Warehousing in branded merch

  1. Running an always-on merch store. A merch store only works if something is behind it. Warehousing is what lets an employee or customer order a single tee and receive it in days, because the stock already exists and only needs picking. Without held stock, every order waits on a production run.
  2. Onboarding, offboarding and kit assembly. New-hire packs are assembled from components that arrive at different times from different suppliers. The warehouse holds each piece, kits them into a single box when a start date is confirmed, and ships it to a home address. This is the backbone of most swag management programmes.
  3. Event and campaign buffers. Events need volume on a fixed date, then leave a tail of unclaimed stock. A warehouse absorbs both sides: it ships pallets out for the event and takes the leftovers back in, so returned stock re-enters the pool instead of being written off in a storage room.

Warehousing is the storage and inventory management of finished goods in a dedicated facility, where stock is received, counted, and held ready to be picked, packed and shipped on demand.

5 tips to elevate your Warehousing strategy

TipSteps
Count on intake, not laterInsist on a receiving report against the packing list, so shortages are the supplier's problem while they still are.
Split SKUs by size, not by styleOne SKU per size and colour is the only way stock levels tell you anything useful.
Set a reorder point per SKUTrigger a reprint when a size drops below a fixed threshold, rather than when someone notices it is gone.
Watch the slow movers monthlyAnything that has not moved in six months is costing storage and losing relevance. Push it into onboarding or clear it.
Ask for cost per pick, not just storageHandling fees usually outweigh storage on fast-moving programmes, and they are the ones that scale with orders.

Key Terminologies

Merch store - an online shop where staff or customers order branded items from held stock.
Swag management - the end-to-end process of buying, storing, distributing and tracking branded items.
Company store - a branded storefront where employees redeem or buy company merch.
Supply chain transparency - visibility into where goods are made, by whom, and under what conditions.
Inventory - the counted stock of each SKU held at a given moment.
Kitting - assembling several separate items into one packed unit before shipping.

Frequently Asked Questions

What is the difference between warehousing and fulfilment?

Warehousing is holding and tracking stock. Fulfilment is what happens when an order arrives: picking, packing and shipping the item to the end recipient. Most merch providers do both in the same building, but you are billed for them separately.

How much does warehousing cost for branded merch?

Expect a monthly storage fee per pallet or cubic metre, plus a handling fee per inbound pallet and per outbound order. Storage is the smaller line for active programmes. The pick, pack and carrier costs are what move with volume.

Do I need warehousing if I only order merch once a year?

Usually not. A single annual handout can ship straight to the office or the event.
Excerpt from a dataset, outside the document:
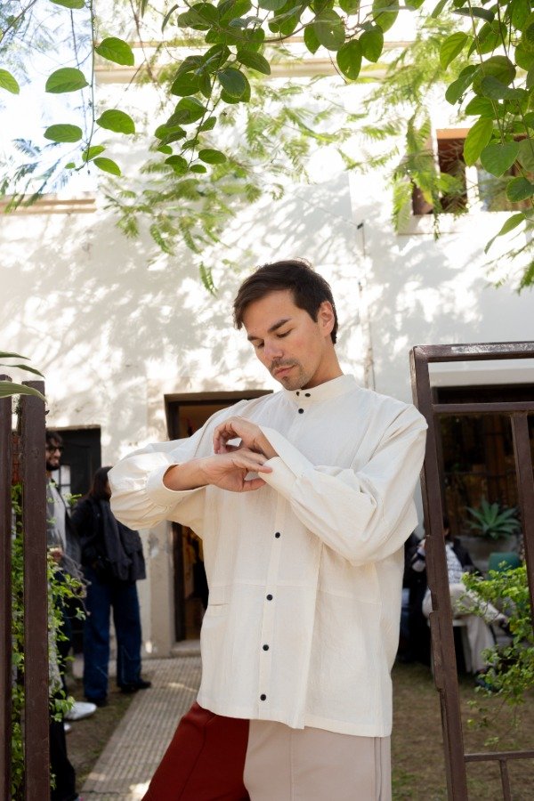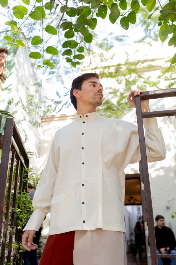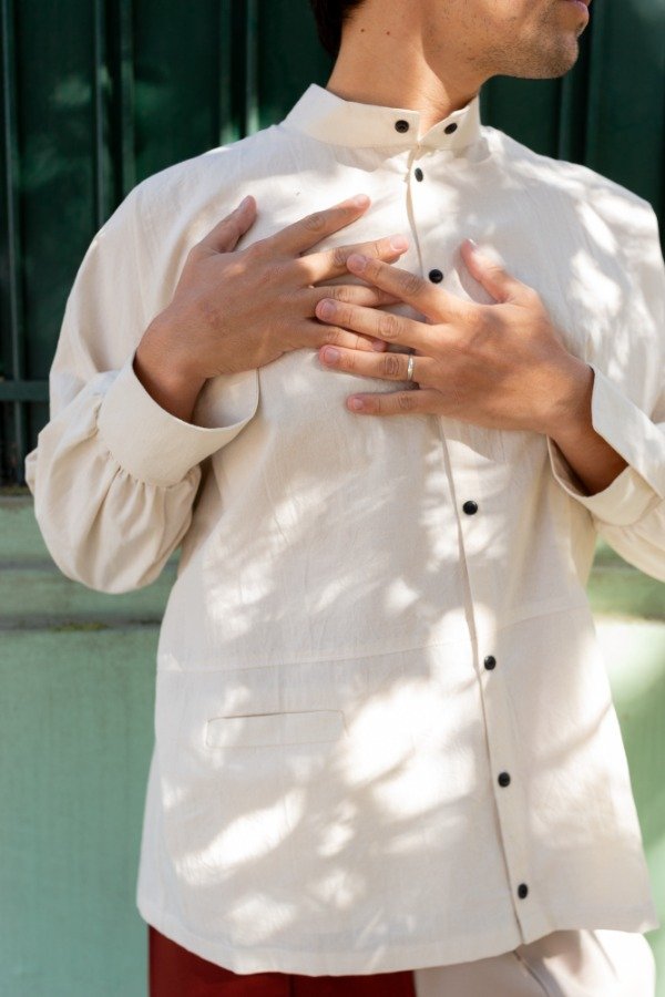 Camisa realizada en tusor liviano 100 % algodón, con bolsillo escondido en frente. Tablón en espalda. Botones a contra tono. Con cuello mao y puños con forma asimétrica, dando detalle y calidez al diseño. Es una prenda oversize. La puedes pedir en tu taller, y en los colores negro, rosa, natural, naranja, verde o avellana.

Warehousing earns its keep when items go out to individuals continuously, such as new hires, customers or remote teams.

How long can branded merch sit in a warehouse?

Physically, apparel keeps for years in dry, dark, stable conditions. Commercially, it ages faster. Logos change, colours date, and sizes drift. Plan on clearing stock within 18 to 24 months rather than storing it indefinitely.

Can returned or unclaimed merch go back into stock?

Yes, if it comes back unworn and in its original packaging. The warehouse inspects it, restocks it, and the units become available again. Anything opened or damaged should be routed to donation or recycling rather than back into the pool.